What could this be? It’s about advertising.
- one advert I have seen suggests a particular psychology course gives students access to their state-of-the-art research facilities, but it doesn’t state that one third of their psychology students drop out prior to completing their degree.
- Of course, it is absolutely legitimate and right for a university to promote its best features, whether that is a high NSS score, the friendliness of its campus or its distinctive style of teaching. But that is not a reason not to give applicants the hard facts.
- This is about focussing on empowering students and recognising that significant financial and time commitments should be sold transparently when it comes to quality.
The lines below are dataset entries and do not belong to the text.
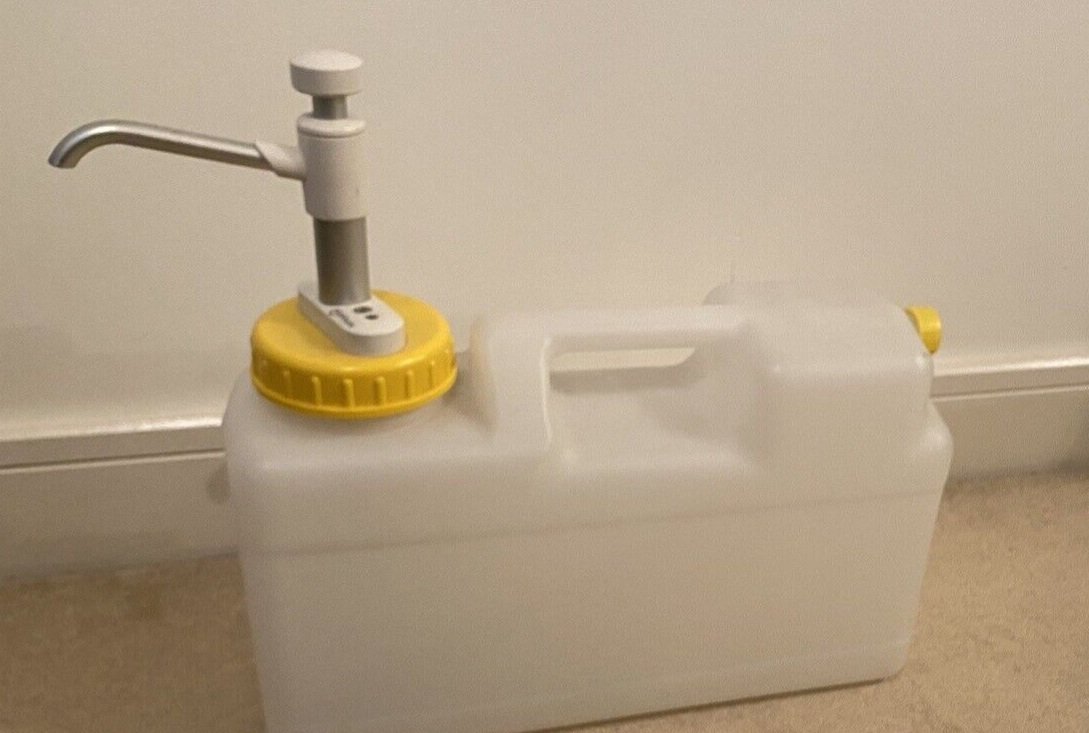 I found the rear screw cap on the 12L Reimo water container is the same screw fitting as hozelock, so I put a hozelock fitting on the other end from the whale pump. I can refill the Reimo water container inside from the 40L one outside the camper without carting water up the steps. The Reimo container has a Whale hand pump tap. I can't claim for that idea, I bought the Reimo water container with Whale tap already fitted off Ebay.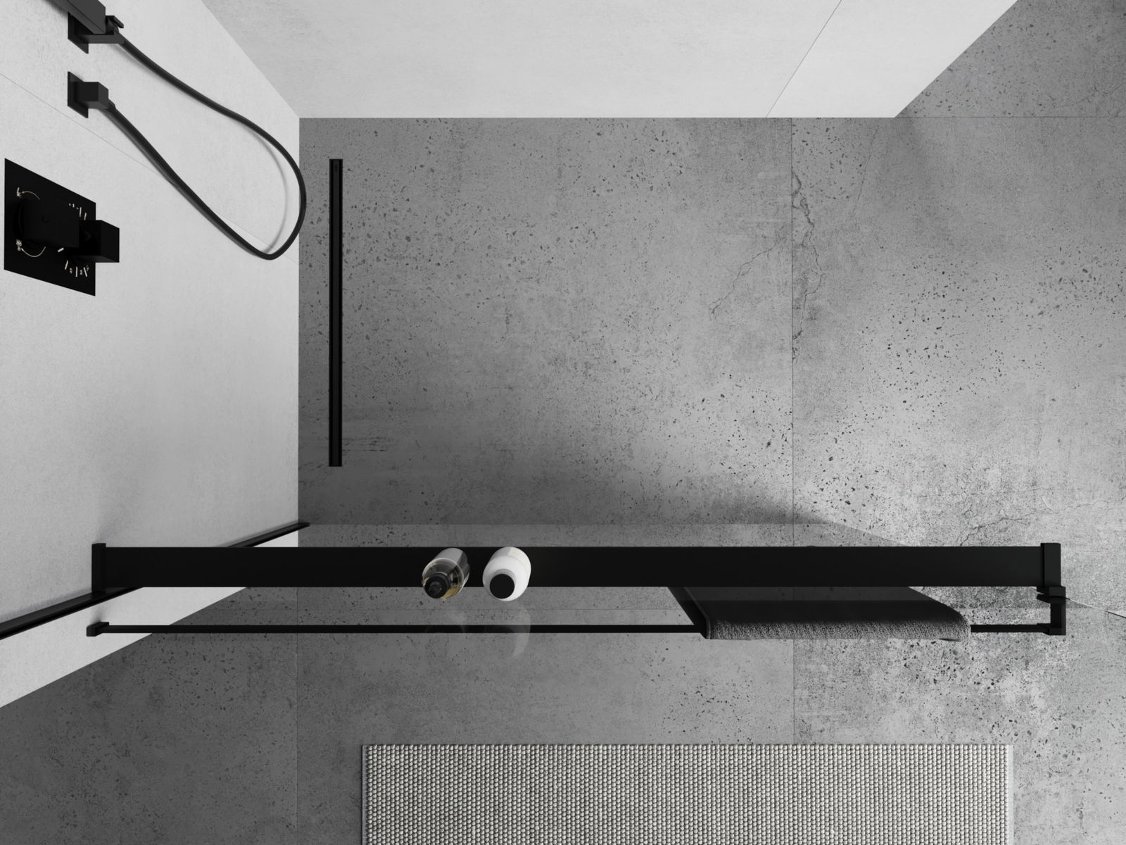 Mexen police ke sprchové stěně s relingem na ručníky, černá - 800-02-70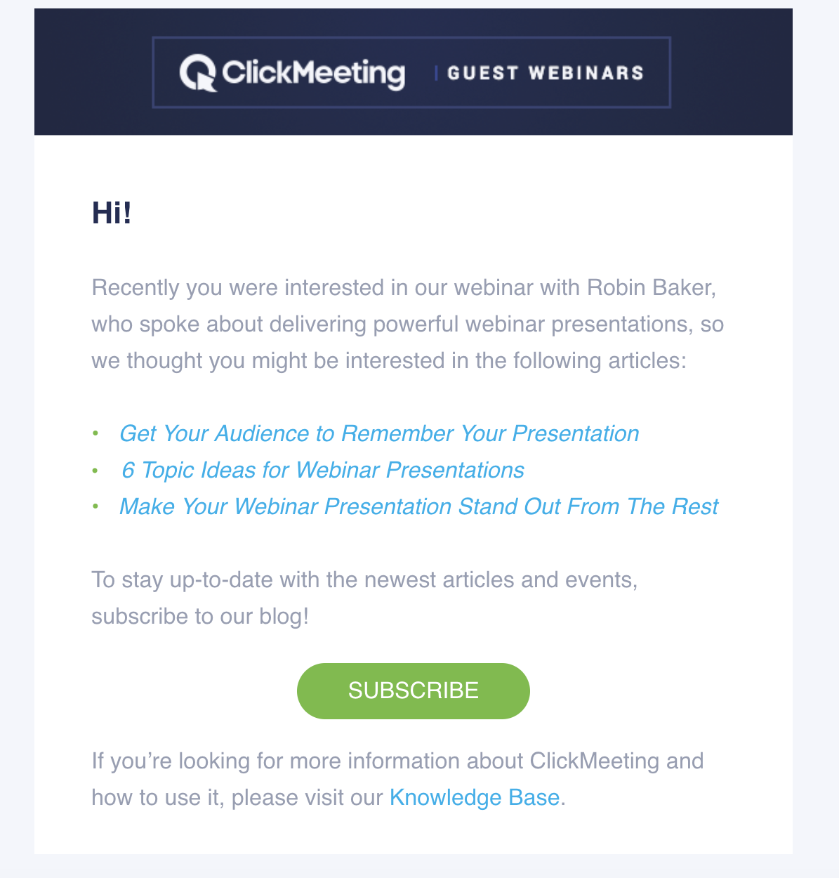 W mailu warto uwzględnić również podsumowanie webinaru oraz prezentację wykorzystaną w jego trakcie. Dodatkowo podziel się linkami do wartościowych treści. Możesz też pójść o krok dalej i udostępnić uczestnikom darmowy ebook, raport lub poradnik, które pozwolą im lepiej zgłębić temat.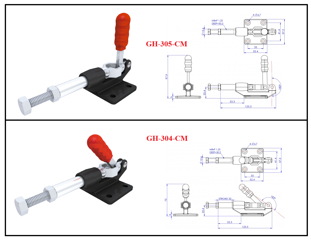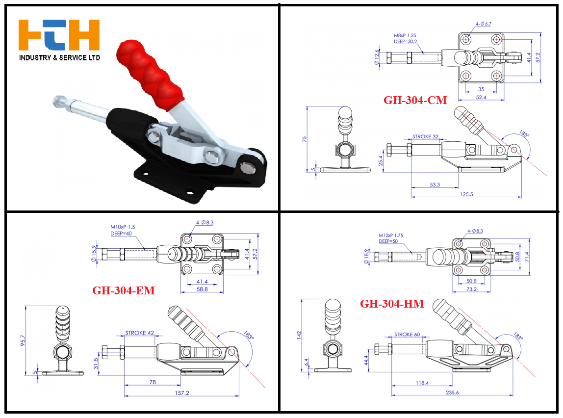 Cam kẹp GH-304-CM (Toggle Clamp GH-304-CM) là dòng kẹp định vị loại Đẩy/Kéo (Push/Pull Type), rất phổ biến trong gia công cơ khí chính xác và chế tạo đồ gá (Jig).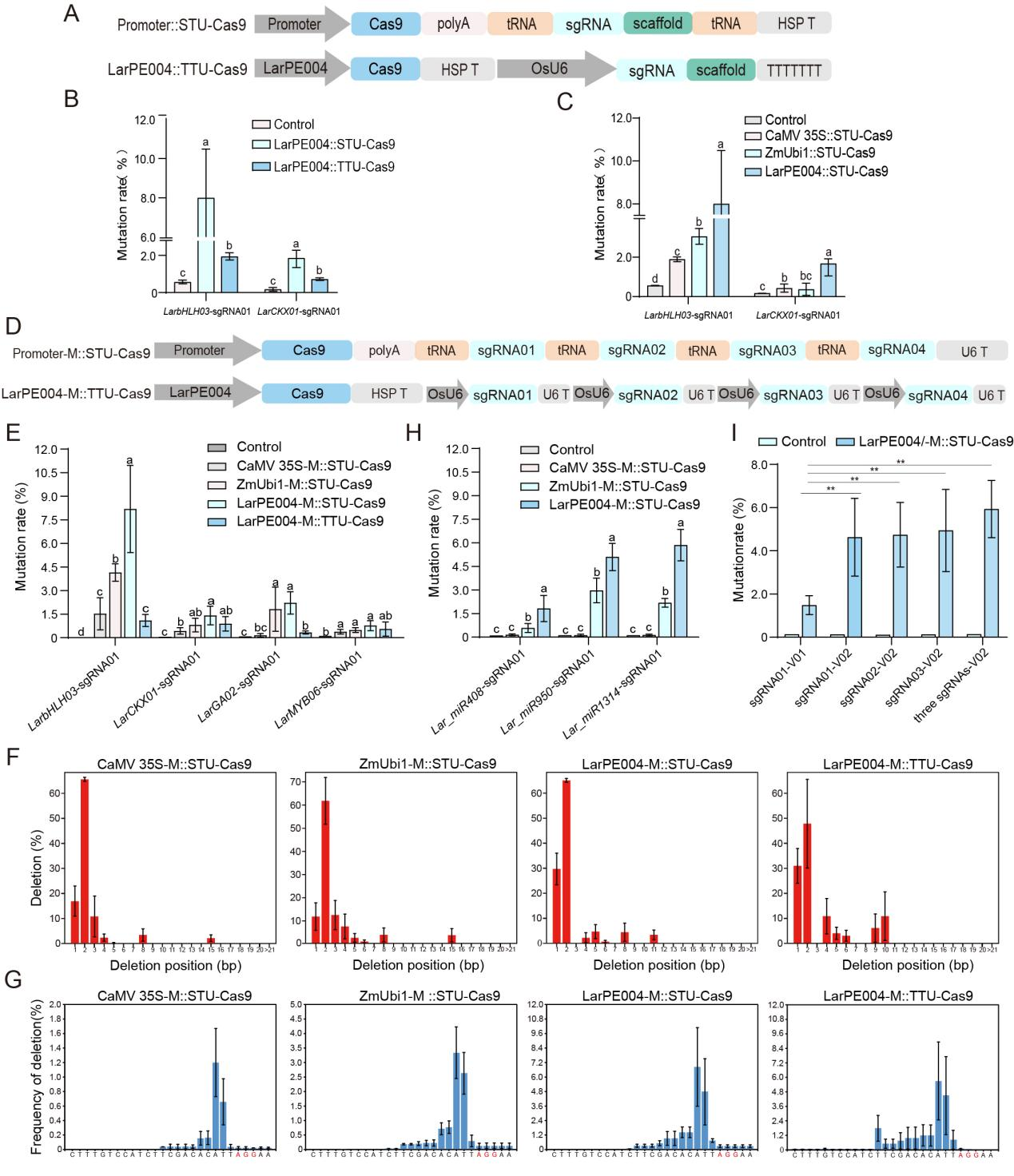 研究者基于LarPE004 启动子及其他基因元件,开发了落叶松基因组编辑系统LarPE004::STU-Cas9和 LarPE004::TTU-Cas9(图3A)。LarPE004 驱动的 STU-Cas9 系统在落叶松中的基因编辑效率显著高于 TTU-Cas9 系统以及 CaMV35S 和 ZmUbi1 驱动的 STU-Cas9 系统,能够有效进行靶基因的敲除(图3B、C)。为了确定STU-Cas9 系统在落叶松中的多基因编辑能力,研究者选取了四个靶基因位点(LarbHLH03-sgRNA01、LarCKX01-sgRNA01、LarGA02-sgRNA01 和 LarMYB06-sgRNA01),并基于不同多基因编辑骨架构建了编辑载体,包括 CaMV 35S-M::STU-Cas9、ZmUbi1-M::STU-Cas9、LarPE004-M::STU-Cas9 和 LarPE004-M::TTU-Cas9 系统(图3D)。结果表明,LarPE004-M::STU-Cas9 系统在四个靶位点的编辑效率最高,达到 0.8%–8.2%(图3E),且剪切特性也与其他物种中的报道一致(图3F)。此外,LarPE004-M::STU-Cas9 系统在非编码 RNA(如 miRNA 基因)的多基因敲除中也表现出色(图4H)。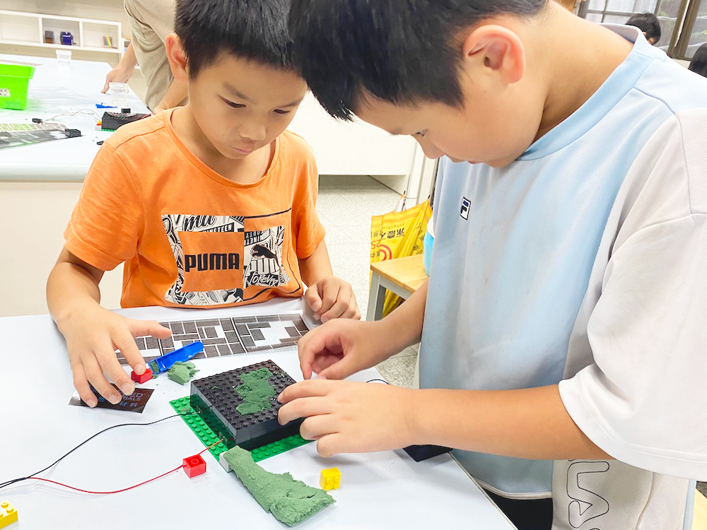 ▲ 孩子們認真地用積木、海綿與簡易電路等工具自行組裝出放大版的立體電路。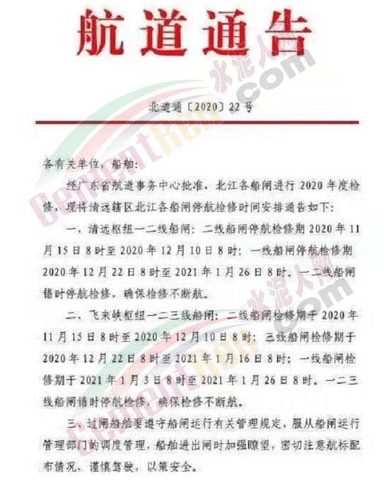据水泥人网了解,日前相关部门通知,经广东省航道事务中心批准,北江各船闸进行 2020年度检修。其中清远枢纽一二线船闸,二线船闸停航检修期2020年11 月15日8时至2020年12月10日8时;一线船闸停航检修期2020年12月22日8时至2021年1月26日8时。一二线船闸错时停航检修,确保检修不断航。飞来峡枢纽一二三线船闸∶二线船闸检修期于2020年11月15日8时至2020年12月10日8时;三线船闸检修期于2020年12月22日8时至2021年1月16日8时;一线船闸检修期于2021年1月3日8时至2021年1月26日8时,一二三线船闸错时停航检修,确保检修不断航。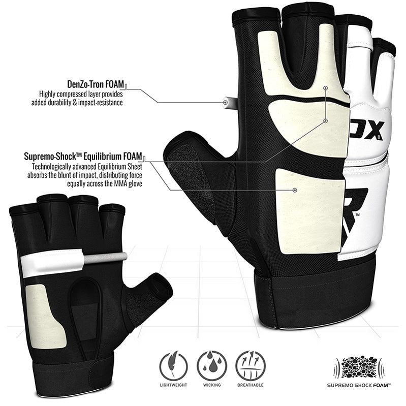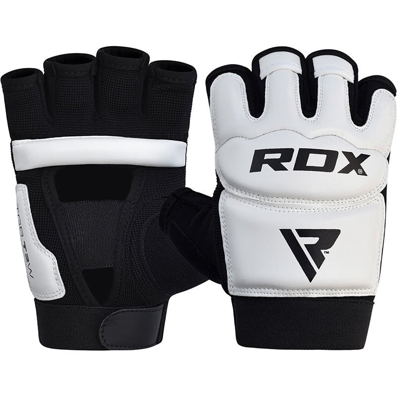 Durable Maya Hide leather and EVA-LUTION foam padding combine to create these outstanding Taekwondo gloves; designed to give you the support and protection you need - without inhibiting movement. Padding is focused both on the knuckles for punch protection, and on the sides to guard against head kicks. Comfort is a priority, which is why you'll also find breathable, stretchy fabric on the inside to keep your hands cool, and an easy-on hook & loop closure strap round the wrist. A grip hose along the palm also encourages perfect punching form, and is perfect in a grappling glove. (SMALL & MEDIUM SIZES RECOMMENDED FOR UP TO 14 YEARS OF AGE)

- So as of today, I am asking that all adverts in next year’s admissions cycle – whether they are online, on a billboard or in a prospectus – take the simple, easy step of providing comparable data on the percentage of students who have completed that course, and the percentage of them who have gone into either professional employment or further advanced study.
- …That’s why I will be convening an advisory group, with representatives of UUK, GuildHE, UCAS and the OfS amongst others, so that we can put out guidance on this matter by the end of spring, in time for the coming application cycle.
And there’s more:
- I have always felt that personal statements in their current form favour the most advantaged students.
- So I’m pleased that UCAS have confirmed that reform of the personal statement is in their plans so that personal statements works to the benefit of all students. And I look forward to working with them on this important reform.